Your answer is the lines below, exactly, from the one that contains "The Cold Heading" through the one that contains "- Het volgen", both included.

---------- TASK INPUT

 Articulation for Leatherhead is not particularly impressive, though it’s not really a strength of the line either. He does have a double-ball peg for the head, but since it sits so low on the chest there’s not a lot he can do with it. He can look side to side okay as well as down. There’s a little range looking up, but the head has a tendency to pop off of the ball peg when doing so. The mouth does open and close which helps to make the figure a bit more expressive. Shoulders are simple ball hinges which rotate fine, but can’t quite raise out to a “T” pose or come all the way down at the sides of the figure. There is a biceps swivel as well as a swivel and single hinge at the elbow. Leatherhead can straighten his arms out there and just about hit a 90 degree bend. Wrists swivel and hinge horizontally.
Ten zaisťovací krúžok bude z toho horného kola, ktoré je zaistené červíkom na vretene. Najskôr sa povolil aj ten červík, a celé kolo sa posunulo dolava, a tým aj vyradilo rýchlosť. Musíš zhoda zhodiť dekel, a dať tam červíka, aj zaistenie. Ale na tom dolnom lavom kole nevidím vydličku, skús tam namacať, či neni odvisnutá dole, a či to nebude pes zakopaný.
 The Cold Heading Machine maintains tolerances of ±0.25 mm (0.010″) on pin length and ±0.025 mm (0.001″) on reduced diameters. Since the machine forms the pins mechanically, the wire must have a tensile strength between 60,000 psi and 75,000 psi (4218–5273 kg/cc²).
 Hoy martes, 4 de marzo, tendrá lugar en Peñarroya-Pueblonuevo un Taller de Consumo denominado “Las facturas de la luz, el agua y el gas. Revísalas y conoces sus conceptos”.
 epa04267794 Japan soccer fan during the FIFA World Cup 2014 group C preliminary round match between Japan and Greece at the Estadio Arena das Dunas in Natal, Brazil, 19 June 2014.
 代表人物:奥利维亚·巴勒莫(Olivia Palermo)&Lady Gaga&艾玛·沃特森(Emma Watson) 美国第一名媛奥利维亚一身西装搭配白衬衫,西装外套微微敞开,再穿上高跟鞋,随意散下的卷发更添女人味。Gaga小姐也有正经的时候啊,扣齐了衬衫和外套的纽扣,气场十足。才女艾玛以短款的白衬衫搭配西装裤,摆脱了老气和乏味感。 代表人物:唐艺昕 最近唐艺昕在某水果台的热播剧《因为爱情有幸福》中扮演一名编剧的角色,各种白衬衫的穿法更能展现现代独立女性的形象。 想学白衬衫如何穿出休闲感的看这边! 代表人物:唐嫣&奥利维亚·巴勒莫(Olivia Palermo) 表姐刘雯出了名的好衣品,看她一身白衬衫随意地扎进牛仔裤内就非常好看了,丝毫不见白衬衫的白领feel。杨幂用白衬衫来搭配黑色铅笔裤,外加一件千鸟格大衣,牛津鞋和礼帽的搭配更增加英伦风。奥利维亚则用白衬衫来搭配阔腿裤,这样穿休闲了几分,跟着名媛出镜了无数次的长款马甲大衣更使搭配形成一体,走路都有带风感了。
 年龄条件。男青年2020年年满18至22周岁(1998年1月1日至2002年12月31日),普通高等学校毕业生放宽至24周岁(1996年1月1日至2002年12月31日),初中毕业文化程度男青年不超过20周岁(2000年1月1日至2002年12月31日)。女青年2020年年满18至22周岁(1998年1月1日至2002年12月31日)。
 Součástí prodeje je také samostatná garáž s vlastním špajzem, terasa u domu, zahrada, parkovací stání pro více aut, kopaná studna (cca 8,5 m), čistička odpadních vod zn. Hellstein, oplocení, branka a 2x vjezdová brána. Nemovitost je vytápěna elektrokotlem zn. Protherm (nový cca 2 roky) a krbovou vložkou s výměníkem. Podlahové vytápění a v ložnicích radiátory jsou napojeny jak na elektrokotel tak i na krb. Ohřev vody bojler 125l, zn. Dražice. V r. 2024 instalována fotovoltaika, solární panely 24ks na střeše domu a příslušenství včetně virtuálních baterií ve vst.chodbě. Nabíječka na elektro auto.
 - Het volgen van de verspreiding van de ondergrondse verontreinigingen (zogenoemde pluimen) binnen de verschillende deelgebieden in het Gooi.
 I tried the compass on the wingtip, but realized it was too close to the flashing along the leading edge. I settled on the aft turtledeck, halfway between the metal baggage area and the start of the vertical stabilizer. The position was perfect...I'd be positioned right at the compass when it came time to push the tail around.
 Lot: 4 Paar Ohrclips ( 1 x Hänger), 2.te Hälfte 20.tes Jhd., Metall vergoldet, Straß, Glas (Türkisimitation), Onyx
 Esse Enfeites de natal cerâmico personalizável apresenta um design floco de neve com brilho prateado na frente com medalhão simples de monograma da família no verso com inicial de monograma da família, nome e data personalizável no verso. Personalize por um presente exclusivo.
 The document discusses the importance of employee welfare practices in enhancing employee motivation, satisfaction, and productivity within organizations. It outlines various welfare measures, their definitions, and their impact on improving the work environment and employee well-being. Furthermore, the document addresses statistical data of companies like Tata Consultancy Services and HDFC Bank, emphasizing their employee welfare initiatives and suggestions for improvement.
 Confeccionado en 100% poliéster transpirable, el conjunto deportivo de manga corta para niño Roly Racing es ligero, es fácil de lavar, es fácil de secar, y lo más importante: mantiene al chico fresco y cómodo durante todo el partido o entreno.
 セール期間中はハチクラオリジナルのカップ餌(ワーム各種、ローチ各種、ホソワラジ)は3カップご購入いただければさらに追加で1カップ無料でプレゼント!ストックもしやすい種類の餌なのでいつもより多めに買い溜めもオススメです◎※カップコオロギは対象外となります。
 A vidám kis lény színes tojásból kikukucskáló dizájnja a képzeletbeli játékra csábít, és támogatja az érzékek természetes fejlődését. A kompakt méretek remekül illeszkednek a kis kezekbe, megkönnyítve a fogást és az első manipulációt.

--------------------

ANSWER TO THIS EXERCISE |
 The Cold Heading Machine maintains tolerances of ±0.25 mm (0.010″) on pin length and ±0.025 mm (0.001″) on reduced diameters. Since the machine forms the pins mechanically, the wire must have a tensile strength between 60,000 psi and 75,000 psi (4218–5273 kg/cc²).
 Hoy martes, 4 de marzo, tendrá lugar en Peñarroya-Pueblonuevo un Taller de Consumo denominado “Las facturas de la luz, el agua y el gas. Revísalas y conoces sus conceptos”.
 epa04267794 Japan soccer fan during the FIFA World Cup 2014 group C preliminary round match between Japan and Greece at the Estadio Arena das Dunas in Natal, Brazil, 19 June 2014.
 代表人物:奥利维亚·巴勒莫(Olivia Palermo)&Lady Gaga&艾玛·沃特森(Emma Watson) 美国第一名媛奥利维亚一身西装搭配白衬衫,西装外套微微敞开,再穿上高跟鞋,随意散下的卷发更添女人味。Gaga小姐也有正经的时候啊,扣齐了衬衫和外套的纽扣,气场十足。才女艾玛以短款的白衬衫搭配西装裤,摆脱了老气和乏味感。 代表人物:唐艺昕 最近唐艺昕在某水果台的热播剧《因为爱情有幸福》中扮演一名编剧的角色,各种白衬衫的穿法更能展现现代独立女性的形象。 想学白衬衫如何穿出休闲感的看这边! 代表人物:唐嫣&奥利维亚·巴勒莫(Olivia Palermo) 表姐刘雯出了名的好衣品,看她一身白衬衫随意地扎进牛仔裤内就非常好看了,丝毫不见白衬衫的白领feel。杨幂用白衬衫来搭配黑色铅笔裤,外加一件千鸟格大衣,牛津鞋和礼帽的搭配更增加英伦风。奥利维亚则用白衬衫来搭配阔腿裤,这样穿休闲了几分,跟着名媛出镜了无数次的长款马甲大衣更使搭配形成一体,走路都有带风感了。
 年龄条件。男青年2020年年满18至22周岁(1998年1月1日至2002年12月31日),普通高等学校毕业生放宽至24周岁(1996年1月1日至2002年12月31日),初中毕业文化程度男青年不超过20周岁(2000年1月1日至2002年12月31日)。女青年2020年年满18至22周岁(1998年1月1日至2002年12月31日)。
 Součástí prodeje je také samostatná garáž s vlastním špajzem, terasa u domu, zahrada, parkovací stání pro více aut, kopaná studna (cca 8,5 m), čistička odpadních vod zn. Hellstein, oplocení, branka a 2x vjezdová brána. Nemovitost je vytápěna elektrokotlem zn. Protherm (nový cca 2 roky) a krbovou vložkou s výměníkem. Podlahové vytápění a v ložnicích radiátory jsou napojeny jak na elektrokotel tak i na krb. Ohřev vody bojler 125l, zn. Dražice. V r. 2024 instalována fotovoltaika, solární panely 24ks na střeše domu a příslušenství včetně virtuálních baterií ve vst.chodbě. Nabíječka na elektro auto.
 - Het volgen van de verspreiding van de ondergrondse verontreinigingen (zogenoemde pluimen) binnen de verschillende deelgebieden in het Gooi.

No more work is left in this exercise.